To do: Look in the data below for the line that has "Pastrav picant Doripesco", then print exactly every line from there through the line that has "Stir only until", leaving pictures out.

Data:
-=-=-

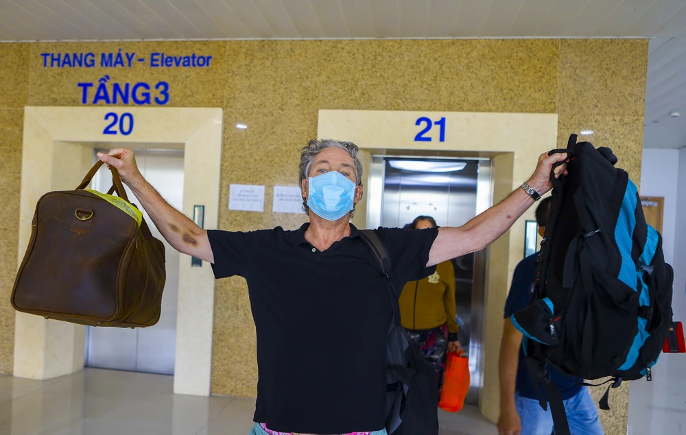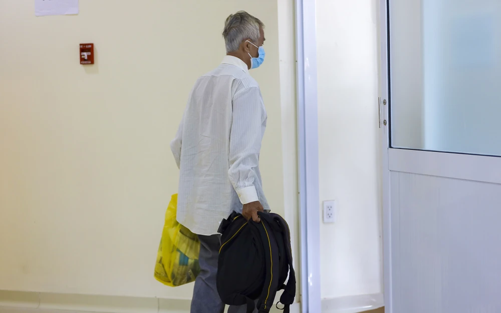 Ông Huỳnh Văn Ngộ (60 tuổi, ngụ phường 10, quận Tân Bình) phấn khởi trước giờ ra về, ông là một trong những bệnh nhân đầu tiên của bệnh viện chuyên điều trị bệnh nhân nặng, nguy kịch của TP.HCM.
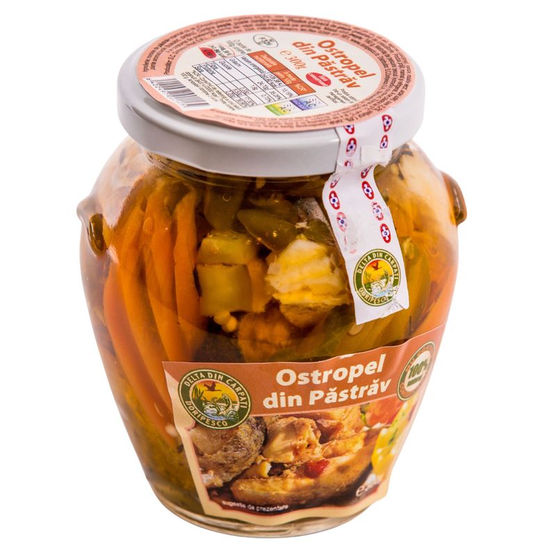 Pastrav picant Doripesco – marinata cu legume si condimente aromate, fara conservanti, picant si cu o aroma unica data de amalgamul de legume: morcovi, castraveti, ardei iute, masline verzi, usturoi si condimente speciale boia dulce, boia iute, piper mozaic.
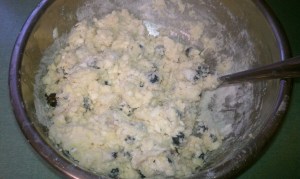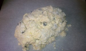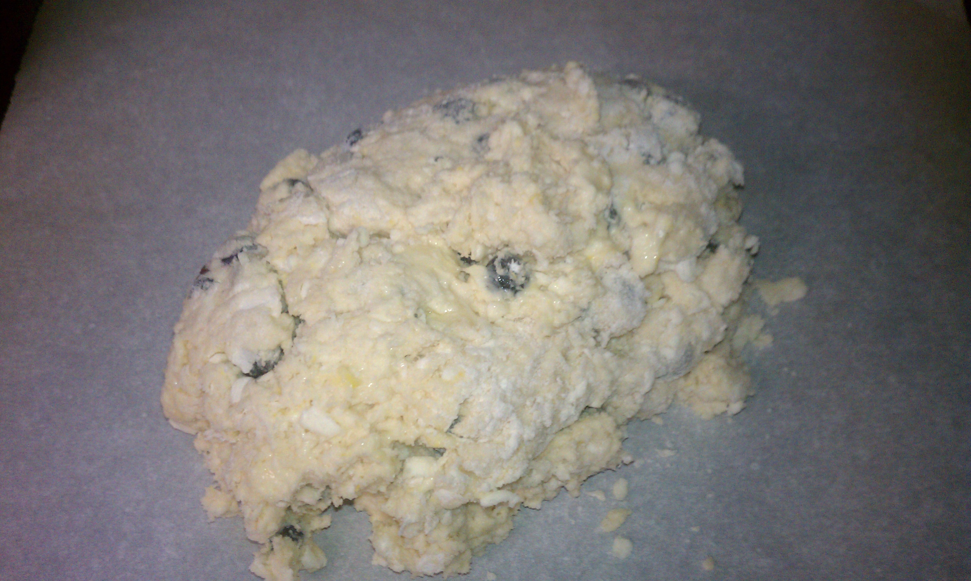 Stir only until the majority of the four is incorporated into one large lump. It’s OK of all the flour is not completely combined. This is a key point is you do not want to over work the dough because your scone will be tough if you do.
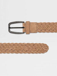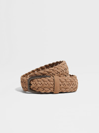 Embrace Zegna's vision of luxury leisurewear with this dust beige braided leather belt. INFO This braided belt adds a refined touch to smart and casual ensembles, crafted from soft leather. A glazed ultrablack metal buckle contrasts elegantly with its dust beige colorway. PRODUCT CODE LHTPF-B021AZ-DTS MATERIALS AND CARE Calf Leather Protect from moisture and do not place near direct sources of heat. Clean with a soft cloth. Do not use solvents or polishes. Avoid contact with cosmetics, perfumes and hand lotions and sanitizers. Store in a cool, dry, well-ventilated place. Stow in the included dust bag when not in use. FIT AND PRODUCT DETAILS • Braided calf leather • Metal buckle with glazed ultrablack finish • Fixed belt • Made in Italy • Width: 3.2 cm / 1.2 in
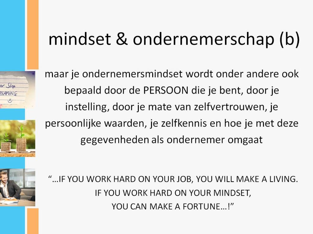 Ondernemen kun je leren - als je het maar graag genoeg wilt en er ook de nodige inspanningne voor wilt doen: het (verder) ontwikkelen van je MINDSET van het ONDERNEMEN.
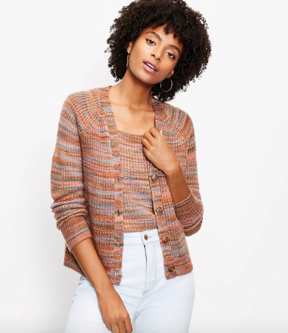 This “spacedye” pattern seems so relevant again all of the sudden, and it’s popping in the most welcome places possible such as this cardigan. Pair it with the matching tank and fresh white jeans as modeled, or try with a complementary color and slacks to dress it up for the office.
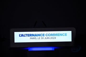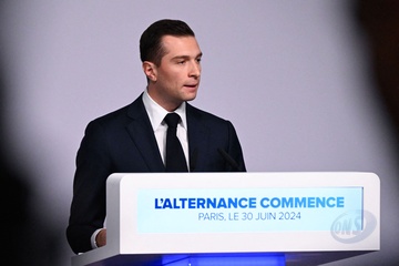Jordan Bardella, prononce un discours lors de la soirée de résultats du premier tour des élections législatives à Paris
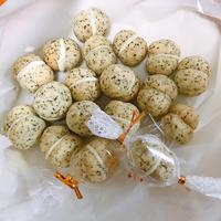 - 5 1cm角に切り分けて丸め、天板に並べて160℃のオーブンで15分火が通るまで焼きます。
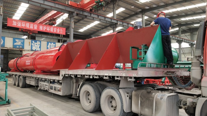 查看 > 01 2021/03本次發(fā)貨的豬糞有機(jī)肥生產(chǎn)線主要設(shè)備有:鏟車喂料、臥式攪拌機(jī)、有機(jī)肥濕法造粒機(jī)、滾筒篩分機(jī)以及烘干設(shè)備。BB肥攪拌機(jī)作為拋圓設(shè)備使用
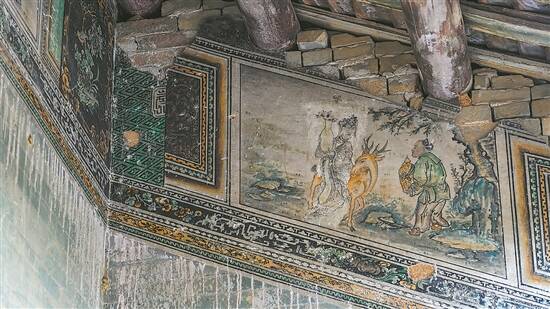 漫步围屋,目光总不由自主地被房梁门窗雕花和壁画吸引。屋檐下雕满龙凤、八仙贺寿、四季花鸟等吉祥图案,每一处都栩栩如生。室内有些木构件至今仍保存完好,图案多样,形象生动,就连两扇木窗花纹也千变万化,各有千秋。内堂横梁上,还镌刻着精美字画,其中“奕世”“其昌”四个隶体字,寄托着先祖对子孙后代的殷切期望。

-=-=-

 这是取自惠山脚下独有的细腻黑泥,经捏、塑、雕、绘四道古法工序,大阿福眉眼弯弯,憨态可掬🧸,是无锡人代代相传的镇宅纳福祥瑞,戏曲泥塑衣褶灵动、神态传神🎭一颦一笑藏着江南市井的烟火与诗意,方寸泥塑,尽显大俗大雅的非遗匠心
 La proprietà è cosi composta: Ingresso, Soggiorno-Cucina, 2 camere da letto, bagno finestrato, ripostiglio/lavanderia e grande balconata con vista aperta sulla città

-=-=-

Exercise solution:
 Pastrav picant Doripesco – marinata cu legume si condimente aromate, fara conservanti, picant si cu o aroma unica data de amalgamul de legume: morcovi, castraveti, ardei iute, masline verzi, usturoi si condimente speciale boia dulce, boia iute, piper mozaic.
 Stir only until the majority of the four is incorporated into one large lump. It’s OK of all the flour is not completely combined. This is a key point is you do not want to over work the dough because your scone will be tough if you do.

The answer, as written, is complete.